L’actualité des autorités de concurrence atteste de ce que les Ordres
professionnels sont à la croisée des chemins. Il leur appartient de passer
au filtre du droit de la concurrence leurs réglementations, leurs pratiques
et leurs comportements afin de supprimer les restrictions excessives de
nature économique tout en maintenant celles qui se justifient dans la
poursuite de leur mission d’intérêt général. Cet arbitrage peut s’avérer
délicat.
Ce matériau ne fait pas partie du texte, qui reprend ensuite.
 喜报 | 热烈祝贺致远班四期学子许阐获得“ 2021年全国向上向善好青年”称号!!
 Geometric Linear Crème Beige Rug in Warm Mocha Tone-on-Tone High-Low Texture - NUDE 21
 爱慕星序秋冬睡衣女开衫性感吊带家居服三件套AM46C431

Dans de nombreux cas, la marge de manœuvre reste floue, mais
les risques importants au vu de la sévérité des sanctions prononcées
par les autorités de la concurrence et des enjeux qu’impliquent pour les
Ordres le maintien de leurs compétences d’autorégulation.
Ces dernières années, quatre domaines d’intervention des Ordres ont
retenu l’attention des autorités de concurrence : la fixation des honoraires, les règles en matière de communication commerciale, le pouvoir
disciplinaire et la formation professionnelle.
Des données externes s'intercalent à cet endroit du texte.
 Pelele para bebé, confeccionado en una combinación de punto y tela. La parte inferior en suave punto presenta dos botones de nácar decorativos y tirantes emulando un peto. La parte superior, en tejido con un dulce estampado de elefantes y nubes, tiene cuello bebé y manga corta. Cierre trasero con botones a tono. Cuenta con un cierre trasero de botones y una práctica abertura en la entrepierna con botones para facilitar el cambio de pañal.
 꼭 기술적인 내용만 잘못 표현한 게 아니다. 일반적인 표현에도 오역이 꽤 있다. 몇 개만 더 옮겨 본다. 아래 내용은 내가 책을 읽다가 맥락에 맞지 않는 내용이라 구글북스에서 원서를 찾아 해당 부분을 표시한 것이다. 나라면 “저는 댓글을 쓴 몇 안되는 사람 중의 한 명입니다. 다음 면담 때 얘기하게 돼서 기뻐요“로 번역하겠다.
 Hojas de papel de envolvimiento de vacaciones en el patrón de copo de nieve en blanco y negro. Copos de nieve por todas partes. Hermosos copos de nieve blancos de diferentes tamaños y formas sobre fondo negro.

La fixation des honoraires
Les interventions des autorités de concurrence en matière de fixation
des honoraires constituent sans doute l’illustration la plus claire, et la
moins contestée, de l’application du droit de la concurrence aux activités des Ordres. Ces interventions peuvent revêtir différentes formes :
l’adoption de barèmes, la fixation d’un prix minimum ou d’un prix maximum, l’édiction d’une charte de prix…
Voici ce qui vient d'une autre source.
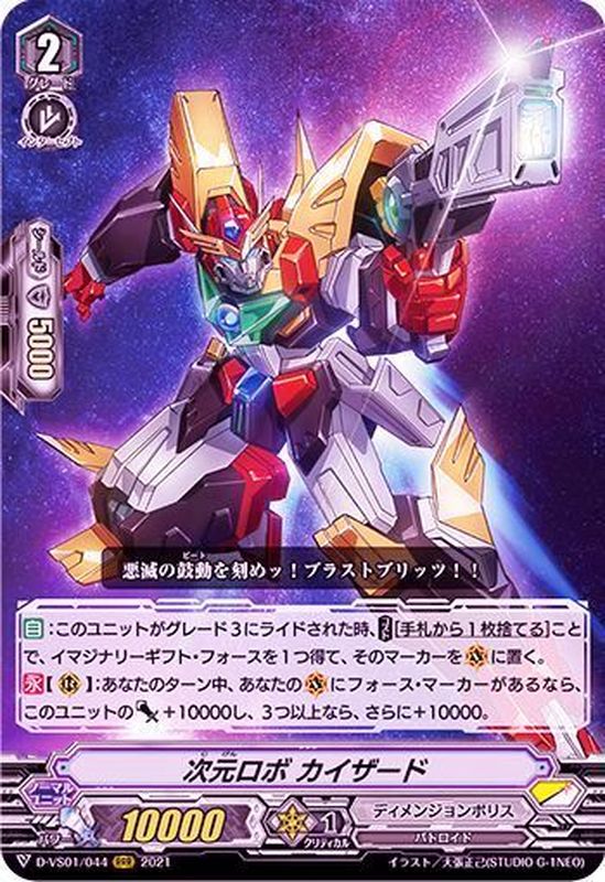 【自】:このユニットがグレード3にライドされた時、【コスト】[手札から1枚捨てる]ことで、イマジナリーギフト・フォースを1つ得て、そのマーカーを(V)に置く。【永】【(R)】:あなたのターン中、あなたの(V)にフォース・マーカーがあるなら、このユニットのパワー+10000し、3つ以上なら、さらに+10000。
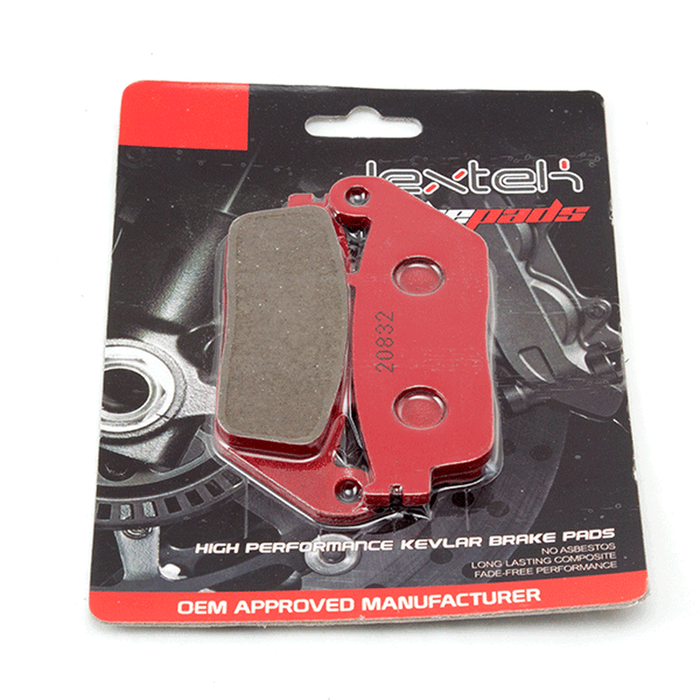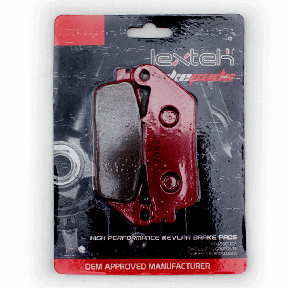 Lextek brake pads now contain Kevlar (TM) for improved durability and less disc abrasion compared with other organic brake pads. Pads are sold as a pair per caliper.
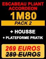 - Le PACK 2 comprend l’escabeau pliant accordéon avec housse et plateforme "PRATIK"
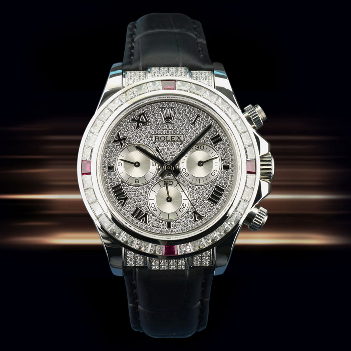 系列:Daytona尺寸:表殼直徑40mm x厚度14.5mm機芯:Asian 7750 25J自動計時碼表機芯、擺輪頻率:每小時28,800次功能:時針、分針、中心大秒針計時功能:3點位小秒針 – 30分鐘顯示、9點位小秒針 – 12小時顯示 2點位按把 – 開始/停止 計時、4點位按把 – 復位計時碼表表殼:316L不銹鋼拋光表殼,表殼分為中框、表圈、後蓋組成表圈:316L不銹鋼材質-鑲嵌方形鋯石面盤:銀色面盤-鑲嵌鋯石、黑色羅馬數字時標表帶:黑色牛皮表帶、搭配不銹鋼折迭扣後蓋:旋入鎖緊-不銹鋼材質表冠:鎖入式表冠玻璃材質:透明抗磨損藍寶石玻璃是否防水:生活防水

Les architectes français, anglais et belges ont vu leur barème d’honoraires condamnés par les autorités compétentes. Ainsi, en Belgique, la
Commission européenne a condamné un système de barèmes, comportant des honoraires minimums, prévoyant que les honoraires des architectes étaient calculés en pourcentage de la valeur des travaux réalisés,
par catégorie d’ouvrages et par tranche de dépenses. La Commission a
(18) Voy. recommandation du Conseil du 9 juillet 2013 concernant le programme
national de réforme de la France pour 2013 et portant avis du Conseil sur le programme
de stabilité de la France pour la période 2012-2017, J.O. du 30 juillet 2013, p. 27, 2013/C
217/08, adoptée sur la base de la recommandation de la Commission du 29 avril 2013,
COM(2013) 360 final.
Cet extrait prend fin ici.